Symbrachydactyly is an other upper limb malformation category which is almost always a noninherited sporadic anomaly that involves only 1 limb. It has a spectrum of presentation which comprises 4 main clinical types: short finger type, oligodactylous type, monodactylous type, and the peromelic type. Preservation of ectodermal elements, including the distal skin and fingernails, is a characteristic feature of all types of the disorder. Short finger type represents the mildest form. As the involvement progresses, the index finger is suppressed, followed by the middle, the ring, and the small fingers, respectively. The oligodactylous type is also referred to as “atypical cleft hand” owing to its similarity to the typical cleft hand. In an atypical cleft hand, the central parts, including metacarpals, phalanges, and musculotendinous elements are characteristically absent, and the border digits are hypoplastic. The thumb is mostly preserved in patients with atypical cleft hand [3], [4]. The present case is consistent with the atypical cleft hand in terms of its sporadic nature, its unilaterality, the preservation of the ectodermal units and the deficiency of the central parts. However, the complex syndactyly involving the thumb and index finger of our patient is an unusual phenotypical feature accompanying the atypical cleft hand. Moreover, different from the atypical cleft hand, our patient does not have any forearm hypoplasia which usually accompanies symbrachydactyly.
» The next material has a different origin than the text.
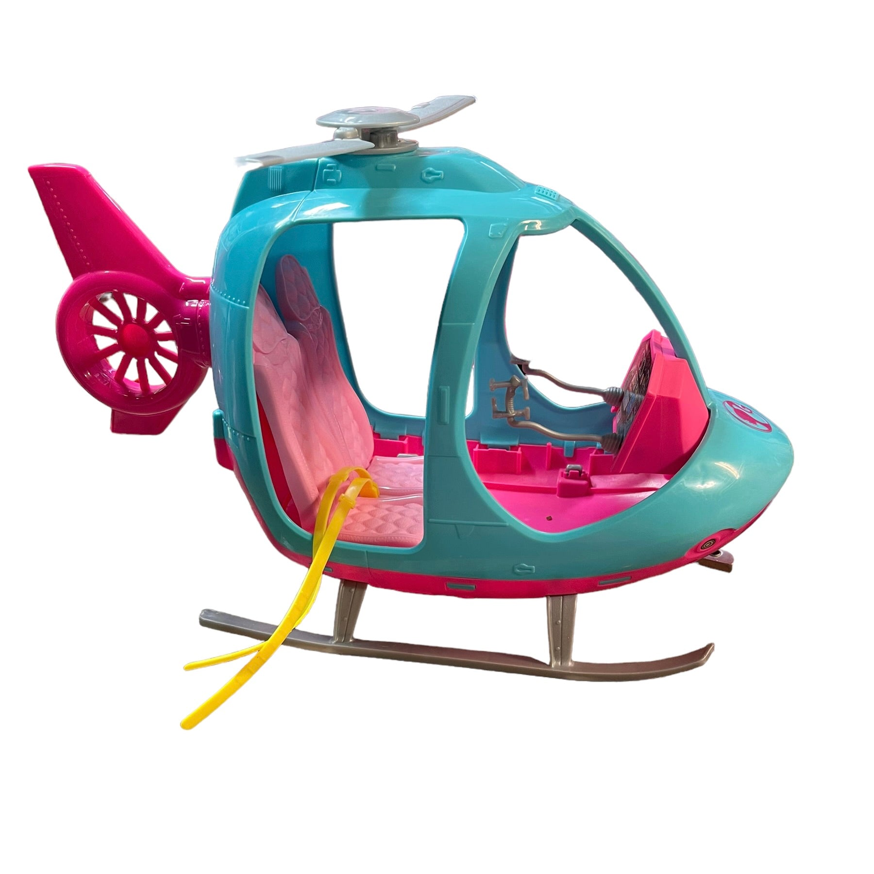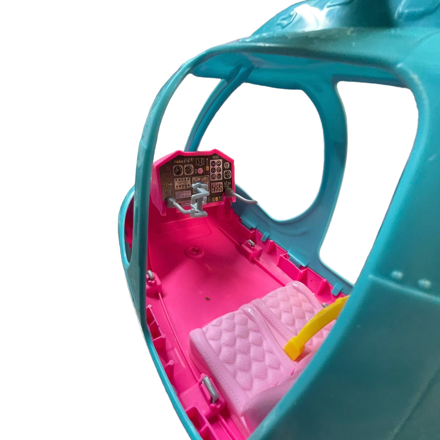 Barbie Helicopter in Great Preowned Condition. Blue with Hot Pink interior. Complete with seatbelt and spinning rotor blades.
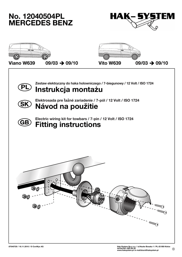 No. 12040504PL MERCEDES BENZ Viano W639 09/03 09/10 Vito W639 09/03 09/10 Zestaw elektryczny do haka holowniczego / 7-biegunowy / 12 Volt / ISO 1724 Instrukcja montazu Elektrosada pre tazné zariadenie / 7-pól / 12 Volt / ISO 1724 Návod na pouzitie Electric wiring kit for towbars / 7-pin / 12 Volt / ISO 1724 Fitting instructions 87040720 / 16.11.2010 / © ConWys AG Hak-System Sp.z o.o. / ul.Hauke Bosaka 1 / PL-25 950 Kielce tel/fax:041-362-00-35 www.haksystem.pl /e-mail:[email protected] 1 UWAGA! POZOR! Przed rozpoczeciem montazu wiazki elektrycznej nalezy dokladnie zapoznac sie z dolaczona instrukcja. Po zamontowaniu wiazki do samochodu instrukcje montazu nalezy dolaczyc do dokumentacji samochodu. Montaz wiazki elektrycznej musi byc przeprowadzony przez specialistyczny warsztat samochodowy. Montaz wiazki przez osoby niewykwalifikowane, lub dokonywanie zmian w polaczeniach wiazki (niezgodnych z dolaczona instrukcja) powoduje utrate gwarancji. Zamiana elektronicznych podzespolow w wiazce jest zabroniona. W przypadku jazdy bez przyczepy reduktory nie moga pozostawac w gniezdzie. Za wszystkie zmiany techniczne i elektroniczne dokonane w samochodzie lub w przyczepie po montazu wiazki i majace bezposredni wplyw na jej dzialanie nie bierzemy odpowiedzialnosci. Miedzy modulem sterujacym w wiazce elektrycznej a modulem sterujacym samochodu nie ma bezposredniej komunikacji. W przypadku gdy modul sterujacy samochodu generuje komunikat o bledach, ktore sa bezposredni lub posrednio spowodowane przez modul wiazki elektrycznej, nalezy ten modul odlaczyc i przeprowadzic test ponownie. Zmiany w instrukcji montazu wiazki dotyczace konstrukcji, wyposazenia kolorow, bledow moga sie zdarzyc. W przypadku gdy przyczepa nie jest wyposazona w swiatlo przeciwmgielne, nalezy je zamontowac. Montaz tejto elektrosady musi byt prevedena v specializovanom servise alebo primerane kvalifikovanou osobou. Pred zacatim montaze je nutne dokladne si precitat navod na pouzitie. Po ukonceni montaze je potrebne tento navod odlozit ku servisnym dokumentom vozidla. Pri neodbornej montazi alebo zmene elektrosady, pripadne zmene existujucich suciastok, zanika akykolvek narok na zaruku.Pri jazde bez privesu je nutne odpojit adapter zo zasuvky (ak je tento v prevadzke). Zmeny tykajuce sa konstrukcie, vybavenia, farieb,ako aj omyly su vyhradene. Vsetky specifikacie a ilustracie su nezavazne. Za technicke zmeny, pripadne zmeny elektroniky, ktore boli uskutocnene vyrobcom vozidla po uvedeni elektrosady do prevadzky, a ktore vedu k chybnym funkciam zasuvky alebo pridavnych zariadeni, nepreberame ziadnu zaruku. Modul privesu nie je schopny komunikovat s diagnostickym zariadenim . V pripade, ze testovacie mechanizmy generuju chybny protokol pri diagnoze, suvisiaci ci uz priamo alebo nepriamo s prevadzkou privesu, je nutne odpojit modul privesu od elektrosady a opakovane vykonat diagnozu. IMPORTANT! Ak prives nie je vybaveny hmlovym svetlom, je potrebne ho dodatocne namontovat. Installation of the towing electrics kit must be undertaken by a specialist workshop or an appropriately qualified person. Before starting work, you must read the installation instructions through completely. After installing the towing electrics kit, the installation instructions should be kept with the vehicle service documentation. In case of missing a rear fog lamp on the trailer, it should be retrofitted. All claims under the guarantee will lapse in case of improper use or modification of the towing electrics kit or any of its component parts. When driving without a trailer or load carrier, any adapter installed must be removed from the electrical socket. We reserve the right to alter the design, content or colour. We accept no liability for any errors in these instructions. All details and illustrations are nonbinding. The trailer module is not diagnostics-capable. If the manufacturer’s diagnostics processes or software-supported test mechanisms generate error reports directly or indirectly linked with trailer operation, the trailer module must be disconnected from the leads to the trailer socket and a new diagnostic process initiated. 87040720 / 16.11.2010 / © ConWys AG We accept no responsibility and give no guarantee for technical and electrical modifications made after the initial operation of the towing electrics kit by the vehicle manufacturer and which may lead, for example to malfunction of the trailer socket or its peripheries. Hak-System Sp.z o.o. / ul.Hauke Bosaka 1 / PL-25 950 Kielce tel/fax:041-362-00-35 www.haksystem.pl /e-mail:[email protected] 2 2x 3x 2x 10x 5x 90270328 12 6-11 17-21 87040720 / 16.11.2010 / © ConWys AG 3-4, 13-16 Hak-System Sp.z o.o. / ul.Hauke Bosaka 1 / PL-25 950 Kielce tel/fax:041-362-00-35 www.haksystem.pl /e-mail:[email protected] 3 o C o C UWAGA! POZOR! PL SK Wydajnosc ukladu chlodzenia w zaleznosci od mozliwosci musi byc zwiekszona w przypadku zamontowania dodatkowego wyposazenia (hak holowniczy). Prosze koniecznie dbac o zalecenie producenta samochodu!! IMPORTANT! The vehicle's cooling capacity may have to be increased when retrofitting a trailer coupling! You must observe the manu-facturer's instructions!! Vykon chladica vozidla musi byt pri doplneni vybavy o tazne zariadenie podla moznosti zvyseny! Prosim bezpodmienecne dbat na pokyny vyrobcu!! MANUAL UWAGA! POZOR! PL SK IMPORTANT! Aby zapobiec zbytecznym bledom w elektronice samochodu, nalezy przed rozpoczeciem montazu wiazki odlaczyc kleme (-) MINUS od akumulatora! Aby sa zabranilo zbytocnym chybam v palubnej sieti, musi byt odpojena akumulatorova svorka na negativny (minus) pol este pred zacatim montaze! In order to avoid mal-functions and damage to the vehicle’s electrical system the earth terminal must be disconnected from the vehicle’s battery before starting work! W przypadku nie odlaczenia klemy, szczegolnie przy montazu modulu CFC (CAN Bus) moze nastapic uszkodzenie tego modulu w wiazce jak rowniez uszkodzenie modulu sterujacego w samochodzie! Obzvla

Radiological evaluation is of great importance for correct characterization and classification of the hand anomalies. Currently, the classification proposed by the International Federation of Hand Surgery Associations is used to classify congenital hand and upper extremity anomalies [5]. The phenotype of the case we currently present seems to fit the 1B category, which includes the hand malformations with failure of axis formation/differentiation-hand plate, according to this classification. Treatment of hand malformations should be planned during childhood, and the choice of a specific treatment must be planned with realistic functional goals and a reasonable expectation of achieving these goals after treatment. For children with unilateral hand deficiency, quality of life is usually very close to normal, but often the most difficult thing for the child and the family is the psychological distress of appearing different from others [3]. Nonsurgical treatments such as prosthetic and orthotic applications, occupational therapy and psychotherapy can help children with unilateral malformations to gain mastery of daily living activities and to increase self-confidence [6]. Surgical treatments must be planned according to the specific aspect of the disorder including syndactyly, web contracture, brachydactyly, digit instability, and lack of opposition, and should be highly individualized [7].